**MATERIAL TO PROCESS**
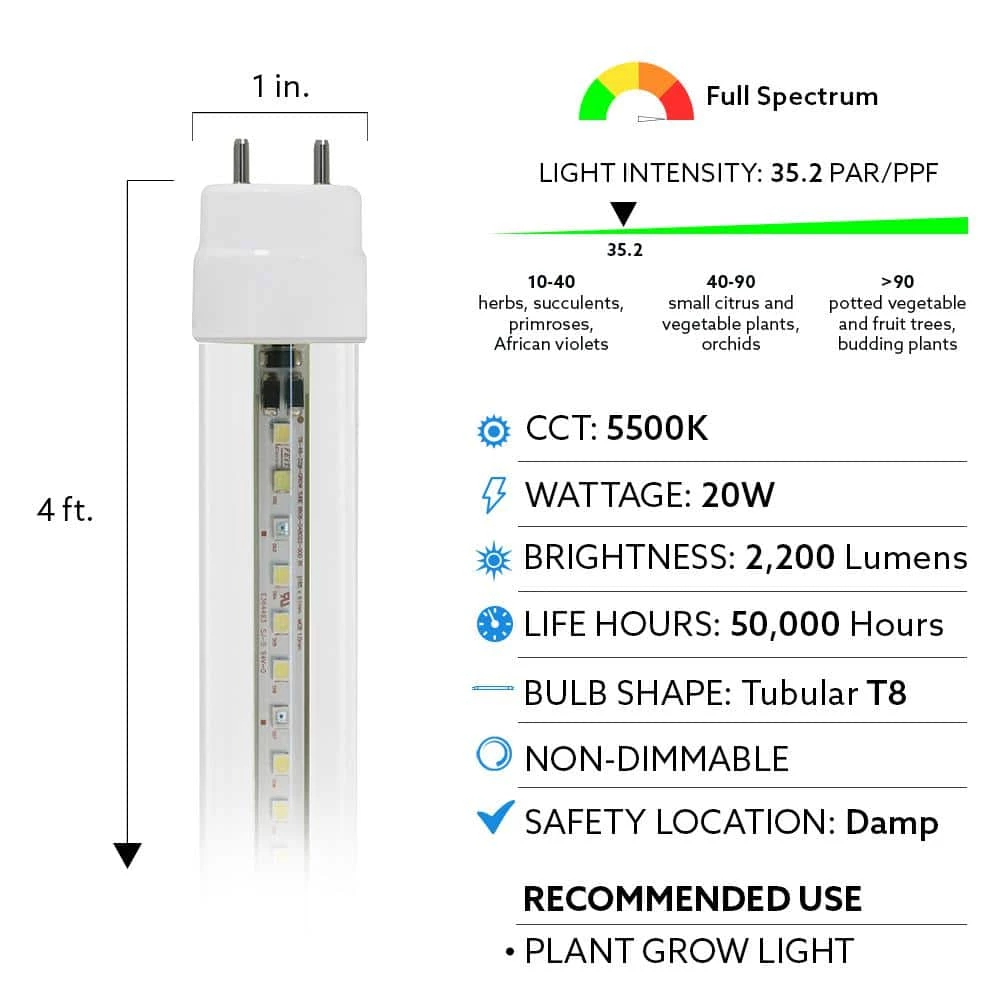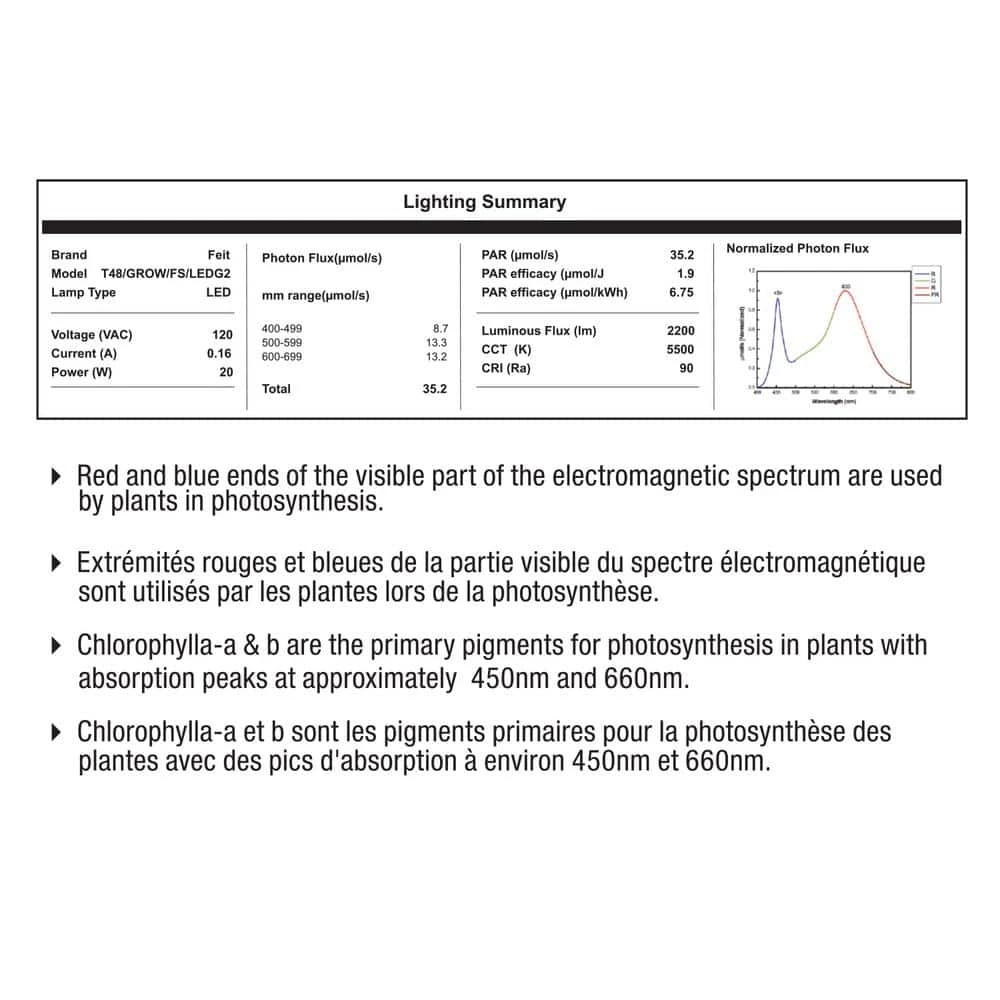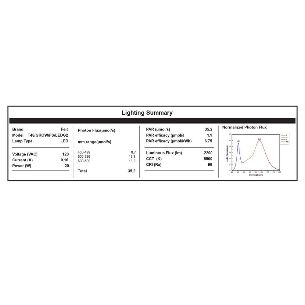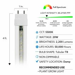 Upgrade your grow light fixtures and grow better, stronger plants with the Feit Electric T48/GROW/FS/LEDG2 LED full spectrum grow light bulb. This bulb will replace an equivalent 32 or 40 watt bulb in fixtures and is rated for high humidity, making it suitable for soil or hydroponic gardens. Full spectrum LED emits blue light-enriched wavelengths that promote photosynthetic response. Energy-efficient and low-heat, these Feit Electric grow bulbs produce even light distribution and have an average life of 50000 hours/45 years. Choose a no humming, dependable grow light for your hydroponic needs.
--
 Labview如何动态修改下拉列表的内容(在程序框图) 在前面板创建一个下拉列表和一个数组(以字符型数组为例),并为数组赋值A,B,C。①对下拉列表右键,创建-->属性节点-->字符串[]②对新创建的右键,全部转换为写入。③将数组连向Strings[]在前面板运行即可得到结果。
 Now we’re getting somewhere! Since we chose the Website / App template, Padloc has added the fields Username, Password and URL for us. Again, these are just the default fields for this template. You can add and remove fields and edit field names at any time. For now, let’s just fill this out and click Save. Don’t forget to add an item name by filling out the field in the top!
==
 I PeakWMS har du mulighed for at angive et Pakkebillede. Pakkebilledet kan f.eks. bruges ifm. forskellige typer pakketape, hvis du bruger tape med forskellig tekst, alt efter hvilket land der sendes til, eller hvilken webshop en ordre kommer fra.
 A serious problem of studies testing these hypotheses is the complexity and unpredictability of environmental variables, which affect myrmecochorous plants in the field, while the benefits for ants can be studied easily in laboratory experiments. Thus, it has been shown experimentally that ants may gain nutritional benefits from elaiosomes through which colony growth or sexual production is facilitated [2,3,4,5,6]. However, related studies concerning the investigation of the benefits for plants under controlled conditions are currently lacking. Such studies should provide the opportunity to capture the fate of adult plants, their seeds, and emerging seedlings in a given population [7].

**WHAT YOU WILL DO**
Every line holding the word "field" should be copied out of the records above.

**SOLUTION FOR THIS PROBLEM**
 Now we’re getting somewhere! Since we chose the Website / App template, Padloc has added the fields Username, Password and URL for us. Again, these are just the default fields for this template. You can add and remove fields and edit field names at any time. For now, let’s just fill this out and click Save. Don’t forget to add an item name by filling out the field in the top!
 A serious problem of studies testing these hypotheses is the complexity and unpredictability of environmental variables, which affect myrmecochorous plants in the field, while the benefits for ants can be studied easily in laboratory experiments. Thus, it has been shown experimentally that ants may gain nutritional benefits from elaiosomes through which colony growth or sexual production is facilitated [2,3,4,5,6]. However, related studies concerning the investigation of the benefits for plants under controlled conditions are currently lacking. Such studies should provide the opportunity to capture the fate of adult plants, their seeds, and emerging seedlings in a given population [7].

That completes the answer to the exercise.